Definition. Let $X$ be a metric space. A Borel measurable function $\rho:X\rightarrow[0,\infty]$ is an upper gradient for $u:X\rightarrow\mathbb R$, if for all $x,y\in X,x\neq y$ $$|u(x)-u(y)|\leq\int_\gamma\rho$$ for all rectifiable curves $\gamma$ connecting $x$ and $y$.
I want to show that, if $u$ is Lipschitz, then $$\rho(x):=\liminf_{r\rightarrow 0}\sup_{y\in B(x,r)}\frac{|u(x)-u(y)|}{r}$$ is an upper gradient for $u$.
This is an exercise from Juha Heinonen's book, Analysis on metric spaces.
A hint was to first consider the case that $X=I$ is an interval and using a suitable fine cover.
$\rho$ is well defined, since the limit is bounded by the Lipschitz constant of $u$.
Assume wlog that $x<y$. By parametrizing $\gamma$ by arc length, we only need to consider the path $$\gamma:[0,r],\quad\gamma(t)=x+t,$$ where $r=|x-y|$. Then \begin{align*} \int_\gamma\rho &=\int_0^r\rho(x+t)dt \\ &=\liminf_{k\rightarrow\infty}2^{-k}\sum_{j=0}^{2^k-1} \sup_{t\in(rj2^{-k},r(j+1)2^{-k})}\rho(x+t) \\ &\geq\liminf_{k\rightarrow\infty}\sum_{j=0}^{2^k-1} |u(x+rj2^{-k})-u(x+r(j+1)2^{-k})| \\ &\geq\liminf_{k\rightarrow\infty} \left|\sum_{j=0}^{2^k-1}u(x+rj2^{-k})-u(x+r(j+1)2^{-k})\right| \\ &=|u(x)-u(y)|, \end{align*} since the above is a telescoping sum.

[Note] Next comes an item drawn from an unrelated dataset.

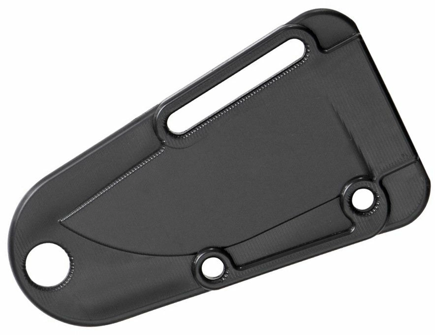 Lichtgewicht zwarte schede met meerdere montagegaten en sleuf voor flexibele bevestiging aan riem, banden of uitrusting.

Thus $\rho$ is an upper gradient for $u$.
If $X$ is an arbitrary metric space, then we can do the same thing. Parametrize $\gamma$ by arc length, so that $|\gamma'|=1$. Then $$\int_\gamma\rho =\int_I \rho\circ\gamma(t)dt, $$ and now we can use the above calculation. Is this sufficient?